[[ Provided records, beginning ]]
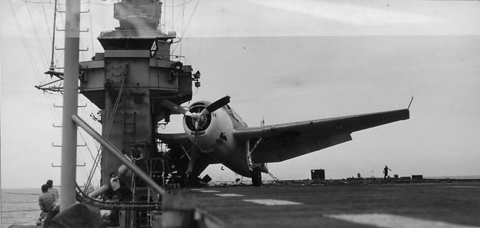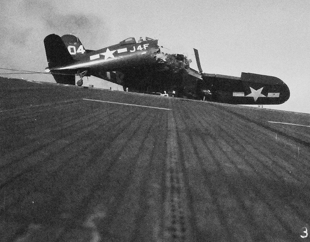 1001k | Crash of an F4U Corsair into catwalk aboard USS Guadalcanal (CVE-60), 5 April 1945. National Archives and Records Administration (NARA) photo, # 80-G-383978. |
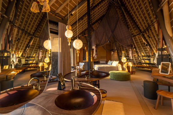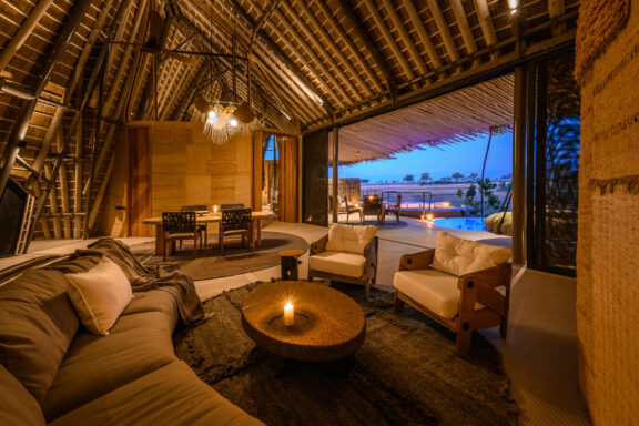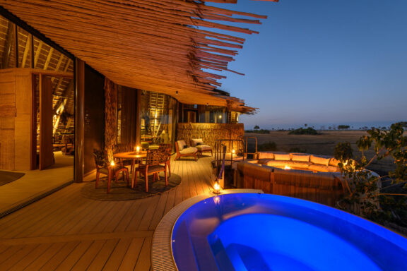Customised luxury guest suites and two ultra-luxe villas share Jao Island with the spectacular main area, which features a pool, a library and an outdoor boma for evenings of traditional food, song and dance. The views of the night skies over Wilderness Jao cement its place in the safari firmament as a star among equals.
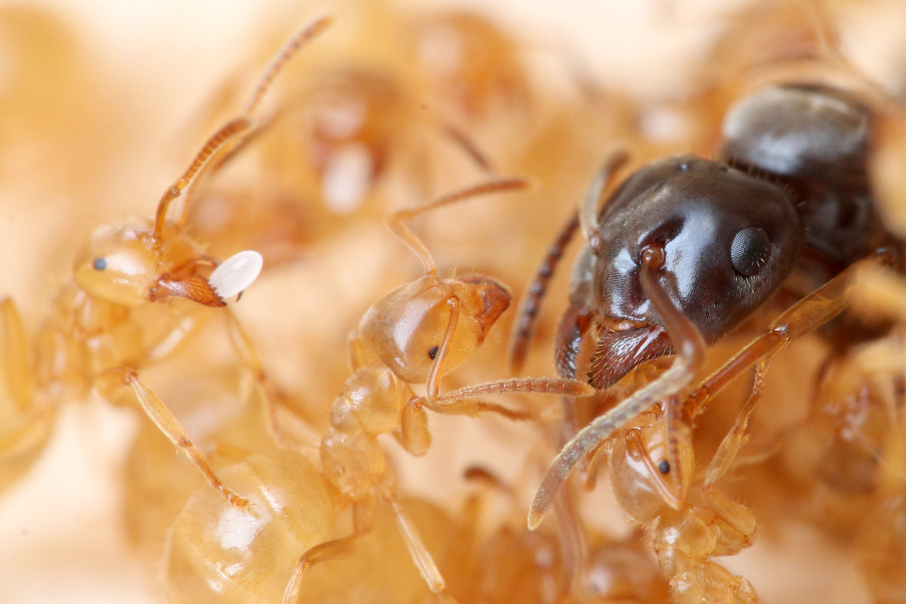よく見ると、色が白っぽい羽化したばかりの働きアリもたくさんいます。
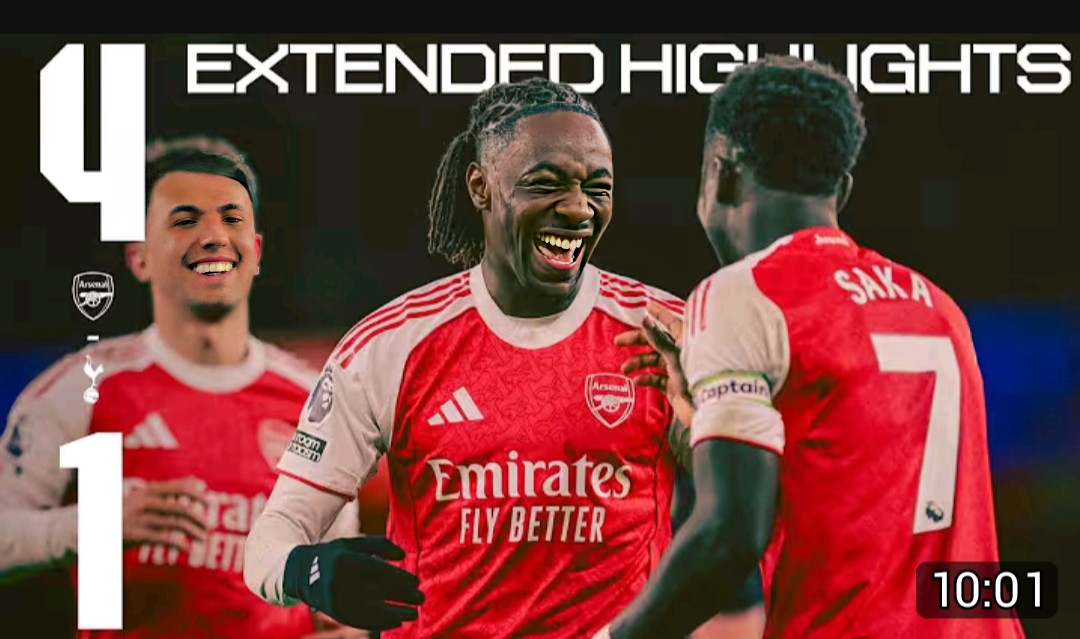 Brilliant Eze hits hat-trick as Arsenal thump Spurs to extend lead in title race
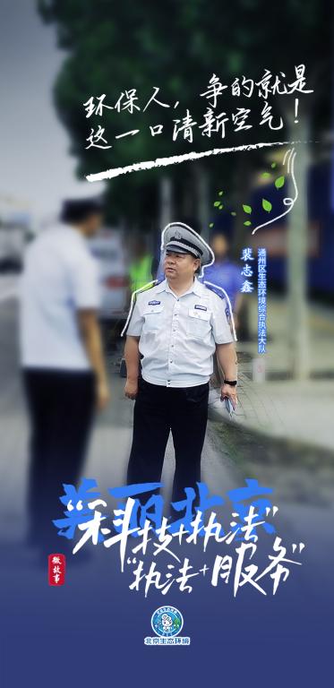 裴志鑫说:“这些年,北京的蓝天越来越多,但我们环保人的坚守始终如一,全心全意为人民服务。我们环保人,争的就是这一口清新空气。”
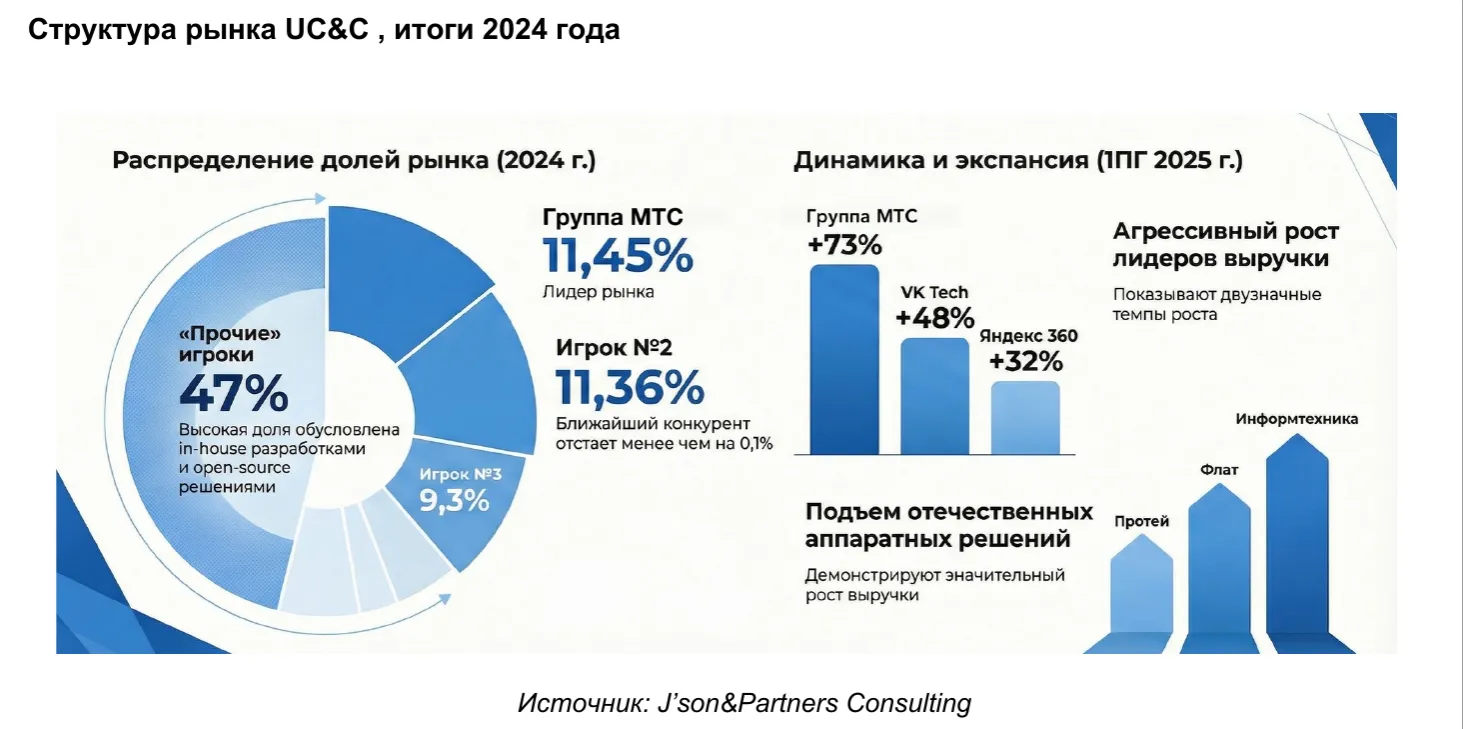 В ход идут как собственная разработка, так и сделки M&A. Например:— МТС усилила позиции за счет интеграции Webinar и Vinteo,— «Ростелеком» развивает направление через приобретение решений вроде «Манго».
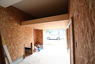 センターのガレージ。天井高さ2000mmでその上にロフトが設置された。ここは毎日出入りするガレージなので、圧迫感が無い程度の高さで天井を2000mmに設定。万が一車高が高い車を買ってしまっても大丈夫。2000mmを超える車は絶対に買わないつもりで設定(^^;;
[[ Provided records, end ]]
*Required work:*
Copy all the records above exactly, but leave out the pictures.

*The completed task:*
 1001k | Crash of an F4U Corsair into catwalk aboard USS Guadalcanal (CVE-60), 5 April 1945. National Archives and Records Administration (NARA) photo, # 80-G-383978. |
Customised luxury guest suites and two ultra-luxe villas share Jao Island with the spectacular main area, which features a pool, a library and an outdoor boma for evenings of traditional food, song and dance. The views of the night skies over Wilderness Jao cement its place in the safari firmament as a star among equals.
よく見ると、色が白っぽい羽化したばかりの働きアリもたくさんいます。
 Brilliant Eze hits hat-trick as Arsenal thump Spurs to extend lead in title race
 裴志鑫说:“这些年,北京的蓝天越来越多,但我们环保人的坚守始终如一,全心全意为人民服务。我们环保人,争的就是这一口清新空气。”
 В ход идут как собственная разработка, так и сделки M&A. Например:— МТС усилила позиции за счет интеграции Webinar и Vinteo,— «Ростелеком» развивает направление через приобретение решений вроде «Манго».
 センターのガレージ。天井高さ2000mmでその上にロフトが設置された。ここは毎日出入りするガレージなので、圧迫感が無い程度の高さで天井を2000mmに設定。万が一車高が高い車を買ってしまっても大丈夫。2000mmを超える車は絶対に買わないつもりで設定(^^;;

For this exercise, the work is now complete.